_REQUIRED ACTION_.
Write out exactly the lines of the entries below from the one holding "Keysight Genesys —" to the one holding "泉园门口立着一块大石头,上面", inclusive, and leave out all other lines.

_RECORDS TO USE_.
+-------+
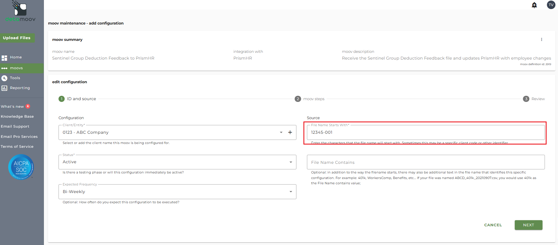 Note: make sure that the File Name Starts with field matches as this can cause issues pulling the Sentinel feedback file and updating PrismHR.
+-------+
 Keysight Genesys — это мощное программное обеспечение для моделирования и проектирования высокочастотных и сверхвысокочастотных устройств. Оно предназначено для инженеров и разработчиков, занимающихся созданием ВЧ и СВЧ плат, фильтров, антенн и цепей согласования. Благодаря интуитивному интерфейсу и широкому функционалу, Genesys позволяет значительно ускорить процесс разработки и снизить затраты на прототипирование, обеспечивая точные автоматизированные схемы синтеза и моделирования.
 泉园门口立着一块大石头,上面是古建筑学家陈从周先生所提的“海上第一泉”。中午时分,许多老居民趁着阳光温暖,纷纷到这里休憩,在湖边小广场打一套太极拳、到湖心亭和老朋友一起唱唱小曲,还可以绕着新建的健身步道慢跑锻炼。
+-------+
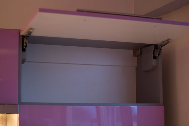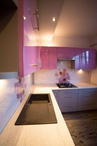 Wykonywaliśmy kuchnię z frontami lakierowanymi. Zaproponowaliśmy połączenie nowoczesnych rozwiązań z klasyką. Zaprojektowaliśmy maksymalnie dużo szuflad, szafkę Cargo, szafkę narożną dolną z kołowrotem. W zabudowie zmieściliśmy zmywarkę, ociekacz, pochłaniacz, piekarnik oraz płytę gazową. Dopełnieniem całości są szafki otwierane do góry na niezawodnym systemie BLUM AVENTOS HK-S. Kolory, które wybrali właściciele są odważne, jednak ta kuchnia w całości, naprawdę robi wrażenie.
+-------+
_ANSWER SPACE_.
 Keysight Genesys — это мощное программное обеспечение для моделирования и проектирования высокочастотных и сверхвысокочастотных устройств. Оно предназначено для инженеров и разработчиков, занимающихся созданием ВЧ и СВЧ плат, фильтров, антенн и цепей согласования. Благодаря интуитивному интерфейсу и широкому функционалу, Genesys позволяет значительно ускорить процесс разработки и снизить затраты на прототипирование, обеспечивая точные автоматизированные схемы синтеза и моделирования.
 泉园门口立着一块大石头,上面是古建筑学家陈从周先生所提的“海上第一泉”。中午时分,许多老居民趁着阳光温暖,纷纷到这里休憩,在湖边小广场打一套太极拳、到湖心亭和老朋友一起唱唱小曲,还可以绕着新建的健身步道慢跑锻炼。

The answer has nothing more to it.